I'd love to play at Wimbledon, or at least I would have 30 years ago, even if I would have been quickly hammered off the court. But, luckily for spectators, feckless amateurs can't just rock up at Wimbledon with their kit in their bags and get a game. They have to qualify in other events.
The same applies when selling to executives. Salespeople, whether feckless amateurs or seasoned professionals, can't just rock up to a C level executive and practice their SPIN selling questions or their disruptive Challenger Selling techniques. They also have to qualify first - and against pretty stiff competition.
It's easy to say "Challenge an executive's perceptions" or "use questions to analyse the Situation, identify the Problem, agree the Implications and define the Need" - but why should a senior executive speak to YOU rather than to the 157 other salespeople who also want to Challenge or SPIN them?
To earn the right to sit down with (or speak at length on the phone with) senior executives there are two qualifying competitions you have to win first, and against some pretty tough opposition.
- The competition for their attention
- The competition for their time
When competing for attention, you can be pretty certain that if you're targeting a C level executive your competitors will be as well. But it's not only your direct competitors you have to worry about - it's anyone else who's after their attention.

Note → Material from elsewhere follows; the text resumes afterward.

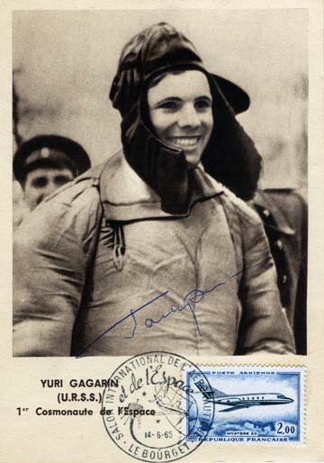 Juri Gagarin einige Tage vor dem Start. Das Autogramm wurde 1965 in Paris nachgesetzt.
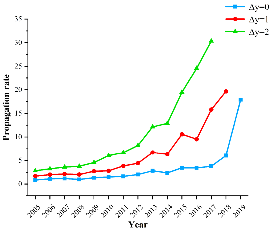 我们对 2005 年到 2019 年每年由 CCF corpus 中的文献提出的有效方法在数据集上的传播情况进行了分析。y 年提出的有效方法于 y 到 y+△y 时间区间内在数据集上的传播率计算公式如下:

This includes a lot of people who rank ahead of you in the priority stakes - their superiors, the board, their colleagues, their customers, their employees and their families.
All of these people command their attention - and they get first dibs before strangers and salespeople. After them there's everyone else - including anyone that's trying to sell anything to them. Not just your usual competitors but employment agencies, insurers, software providers, business services, bankers, charities - all those people that also want to sell them stuff.
So the first question is, how do you attract their attention? How do you get them to read your email out of the hundreds they get every week, or return your phone message when they have 40 others to return? You may have a great value proposition or a fabulous USP and a great elevator pitch - but so do most other people.
The second question is, once you do have their attention, what do you do with it?
Everyone who is clamouring for their attention really wants a slice of their time. There's only so many hours in the day and most of those are reserved for those top priority supplicants - the board, customers, colleagues, etc.
At least at this stage the field isn't quite so full because a lot of the attention seekers have fallen by the wayside - but the question remains, why should a senior executive give YOU half an hour of their precious time rather than the other people who are after it?
Yes, you may have a great payback, a wonderful offer, a rapid ROI, amazing references - but so do most of the other people who are after their time.
Obviously there are ways to win in both competitions so you can have those critical strategic C level discussions, and ways to do it consistently and predictably - or I wouldn't be writing this article. But that's a topic for the next chapter.
The key thing to remember is that the best presentation or sales methodology in the world is useless if you don't get to use it.